A topic in the Open Knowledge Graph — a free, open map of 15,290 topics and the order to learn them in.

Social Network Analysis

Graduate Depth 87 in the knowledge graph ☐ I know this ☆ Set as goal

2topics build on this

443prerequisites beneath it

Adjacency Matrix and Spectral Basics Introduction to Graph Theory +4 more→→Community Detection in Social Networks Network Centrality Measures and Node Importance

Core Idea

Introduces network analysis as both theory and method for studying social relationships, structures, and flows. Covers centrality measures (degree, betweenness, closeness, eigenvector), clustering and community detection, exponential random graph models, and applications to organizational networks, information diffusion, and social capital.

How It's Best Learned

Construct network datasets from relational data, calculate centrality measures and interpret, visualize networks, estimate ERGM models, analyze how network position shapes outcomes.

Common Misconceptions

Network measures always have substantive meaning
Clustering automatically reveals communities
Network effects cannot be causal without randomization

Explainer

From graph theory, you already have the mathematical vocabulary: nodes, edges, adjacency matrices, degree sequences, connected components.
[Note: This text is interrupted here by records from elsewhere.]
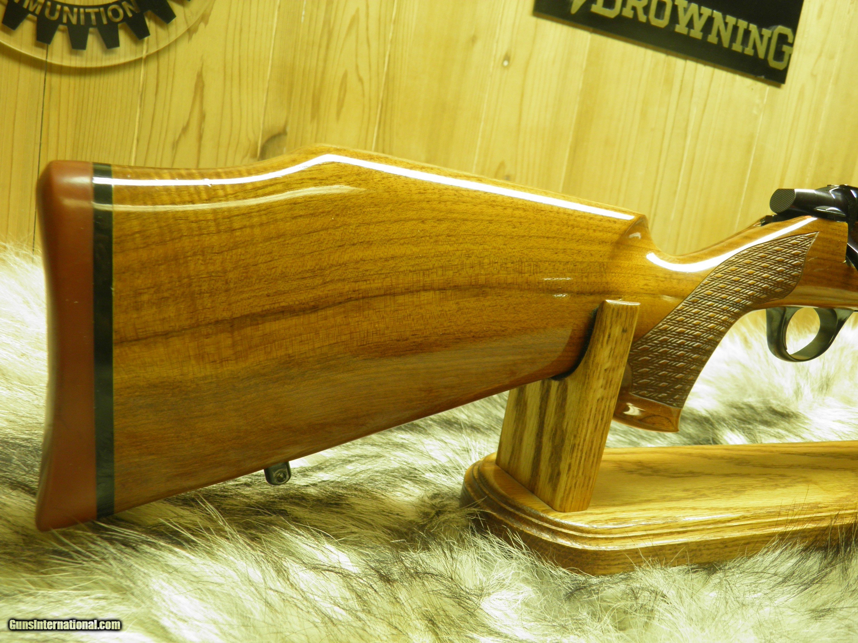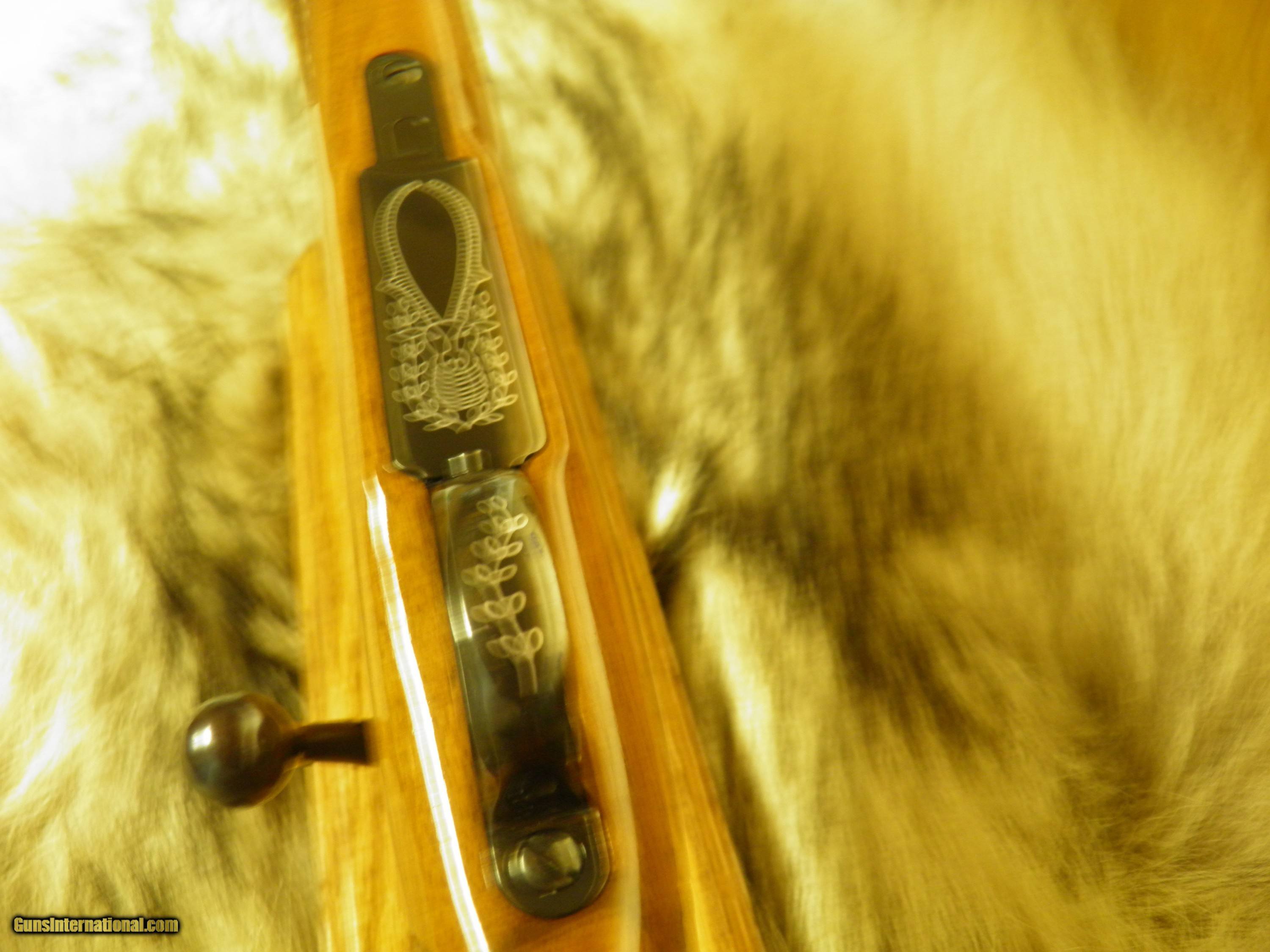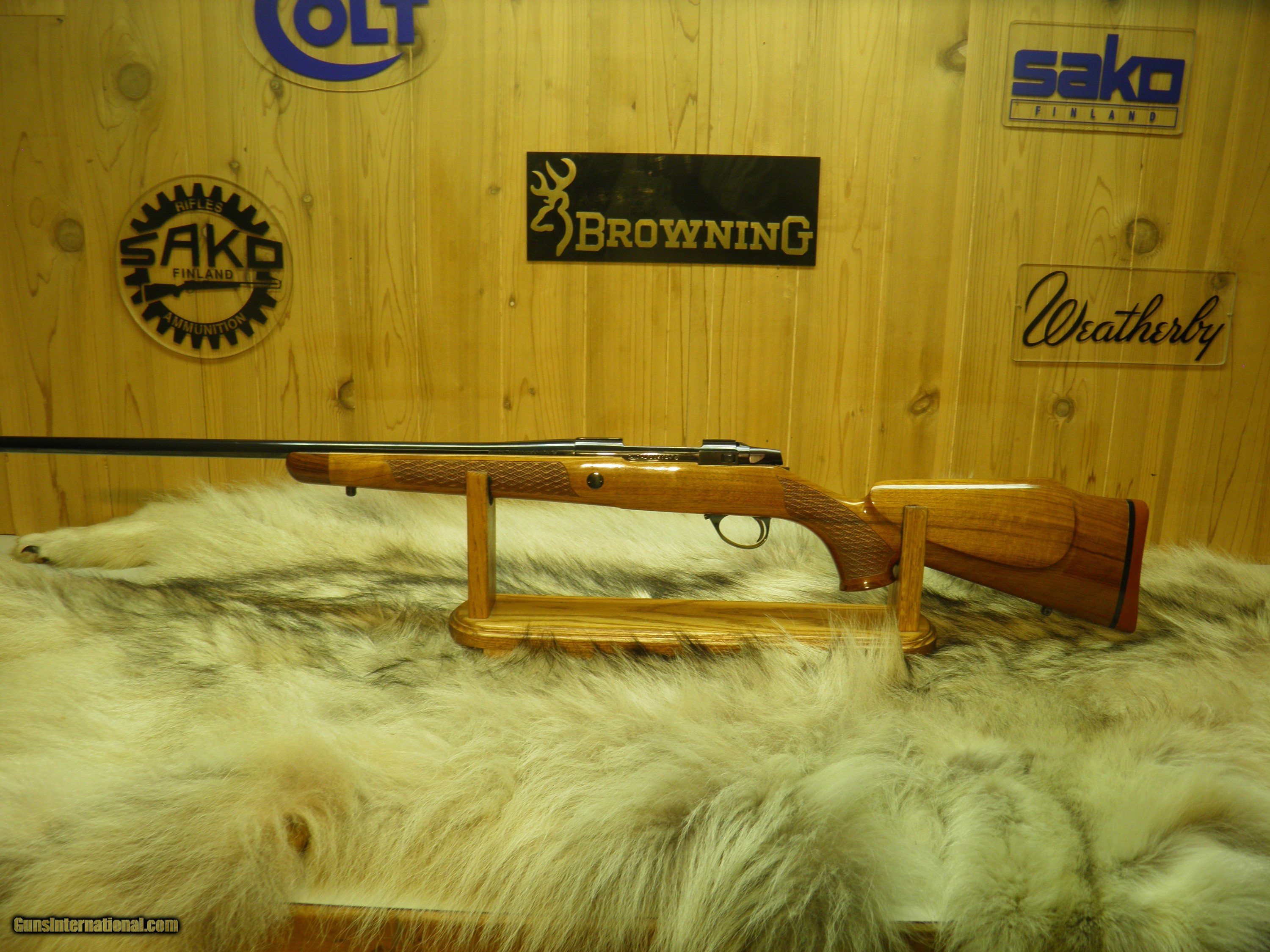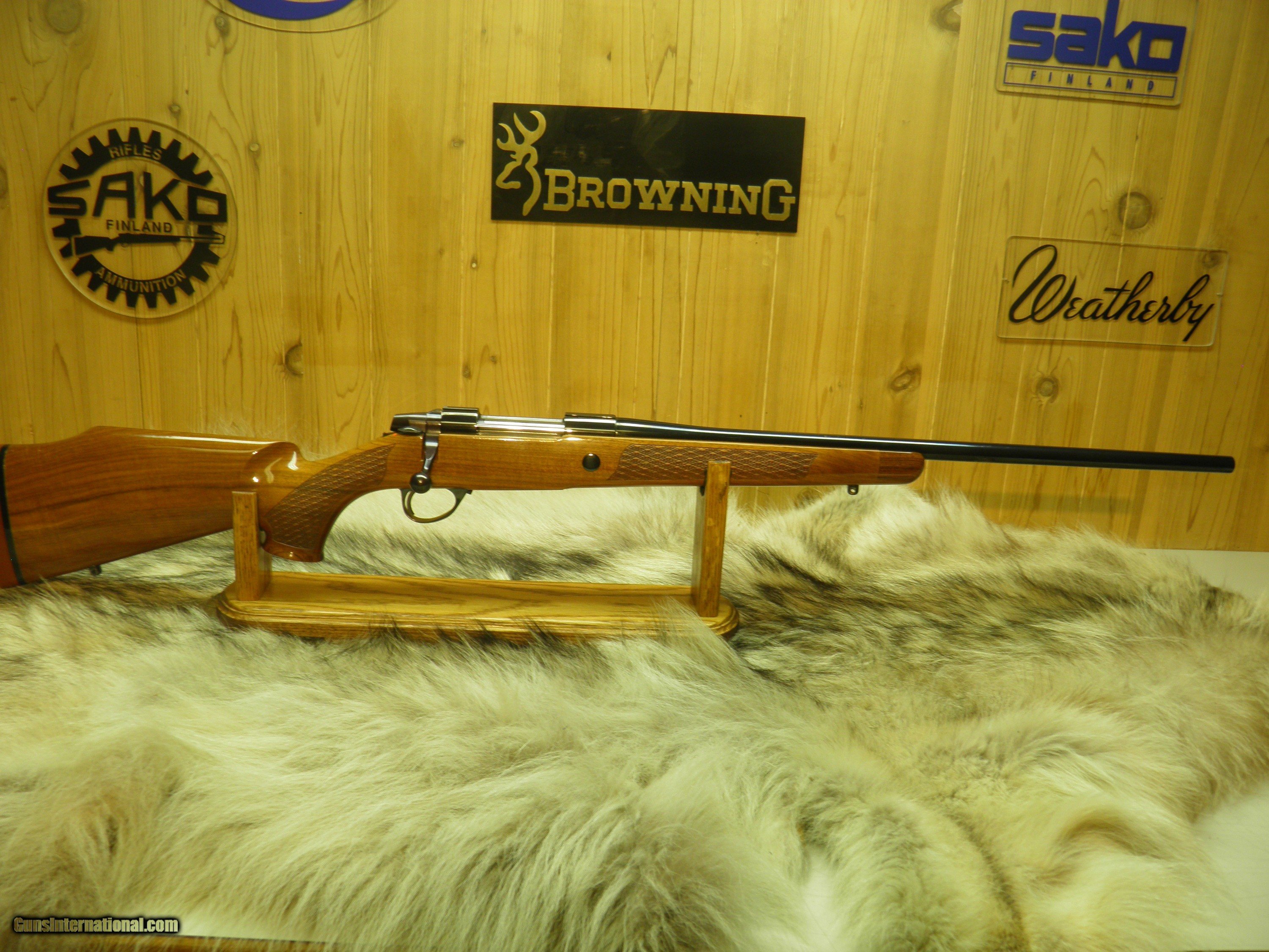Description: SAKO FORESTER MODEL AII DELUXE GRADE LIGHTWEIGHT MAF: 1988, BARREL LENGTH 221/2" WITH A 1 - 12" TWIST, OVERALL LENGTH 42", APPROX: WEIGHT 6 3/4 LBS, LENGTH OF PULL 13 3/4" ,MAGAZINE CAPACITY 5 ROUNDS, CLEAN AND CRISP FULLY ADJUSTABLE TRIGGER, WITH SLIDING THUMB SAFTEY, RECEIVER HAS INTEGRAL TAPPERED DOVETAIL RAILS FOR SCOPE RING MOUNTING, STEEL TRIGGER GUARD WITH HINDGED FLOOR PLATE, BOTH ARE ENGRAVED AND SILVER OVERLAID, MULTI- COLORED EUROPEAN WALNUT IN THE MONTE CARLO STYLE, WITH CHEEK-PIECE, PALM SWELL PISTOL GRIP, EXOTIC WOOD, FOREND TIP AND PISTOL GRIP CAP, WITH THE FORESTER TREE WOOD INLAY, BEAUTIFUL HAND-CUT SKIP-LINE DIAMOND CUT CHECKERING, ATTACHED SWIVEL STUDS, , WOOD FINISHED IN HIGH GLOSS, METAL SURFACES HAVE THE DELUXE HIGH LUSTER MIRROR POLIISH BLUEING. "CONDITION" BLUE 99.9%++, WOOD 98%++ A COUPLE SMALL HANDLING MARKS ON THE FOREARM, BORE AND CHAMBER ARE BRIGHT AND SHINNEY WITH SHARP PRONOUNCED RIFLING, BOLT FACE CLEAN AND CRISP, RIFLE WAS WELL CARED FOR, INCLUDES NEW PAIR OF LEUPOLD SCOPE RINGS $80.00 SAVINGS! SOLD |
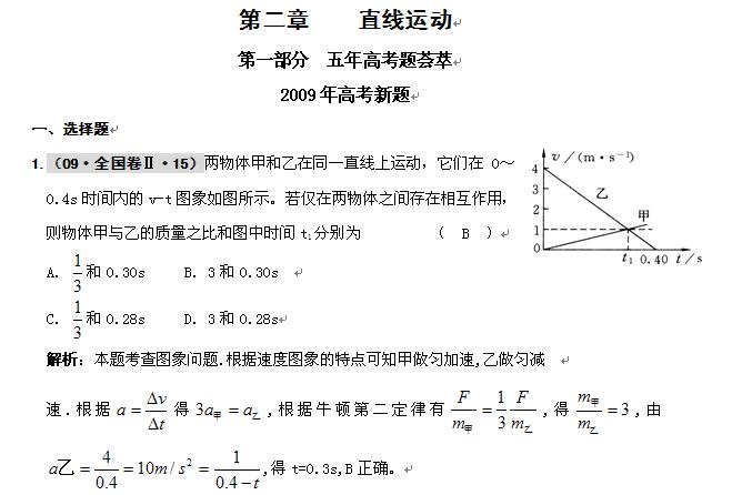 物理:2010届高考五年高考三年联考精品题库:第二章 直线运动
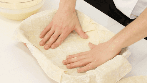 Set aside 2 sheets of dough to cover the pie. Soak the remaining dough one sheet at a time in the egg-cheese mixture and place wet clumps into the mold. If there is leftover mixture, pour it into the mold.
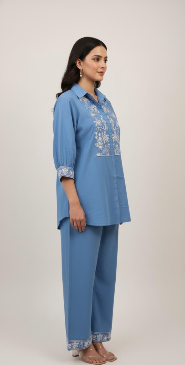 Cotton co-ord set with classic collar — chic Indo-Western set for women.
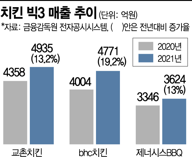 [아시아경제 문혜원 기자] 국내 치킨 프랜차이즈 ‘빅3’가 지난해 사상 최대 실적을 냈다. 코로나19 장기화로 인한 배달 특수 영향이 컸던 것으로 분석된다. 15일 업계에 따르면 교촌치킨, bhc치킨, 제너시스BBQ 등 3사의 지난해 매출 합산액은 1조3330억원에 달한다. 전년보다 12.7% 증가한 수치다.
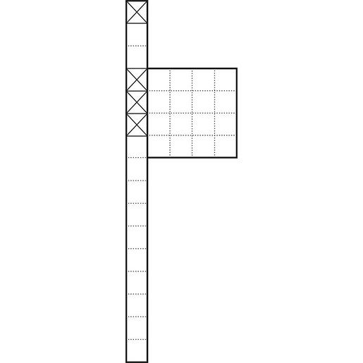 Freistehende Kommunikations-Stele mit einem Briefkasten-Gehäuse (rechts) zur Aufnahme eines Briefkasten- oder Ablagefachmoduls und 1 Funktionsmodul an der Spitze und 3 Funktionsmodulen im oberen Teil. Optimierte Einbauhöhe für Kamera oder Bewegungsmelder.

Social network analysis takes those tools and applies them to a specific empirical question: how does the structure of social relationships shape individual and collective outcomes? The key insight is that social position is not just a property of an individual — it is a property of their location in a network. Two people with identical individual attributes can face vastly different opportunities and constraints depending on where they sit in the web of connections around them.

Centrality is the family of measures that capture social position. Degree centrality is the simplest: how many direct connections does a node have? In a citation network, a highly cited paper has high degree centrality. But degree misses something important — connections to well-connected nodes are more valuable than connections to isolated nodes. Eigenvector centrality (the basis of Google's PageRank) captures this: your centrality is proportional to the centrality of your neighbors. Betweenness centrality measures how often a node lies on the shortest path between other pairs — a node with high betweenness is a broker or gatekeeper, controlling information flows even if it has relatively few direct ties. Closeness centrality captures how quickly a node can reach all others in the network. Each measure captures a different theory of why position matters, and choosing among them should be driven by your substantive question, not just convenience.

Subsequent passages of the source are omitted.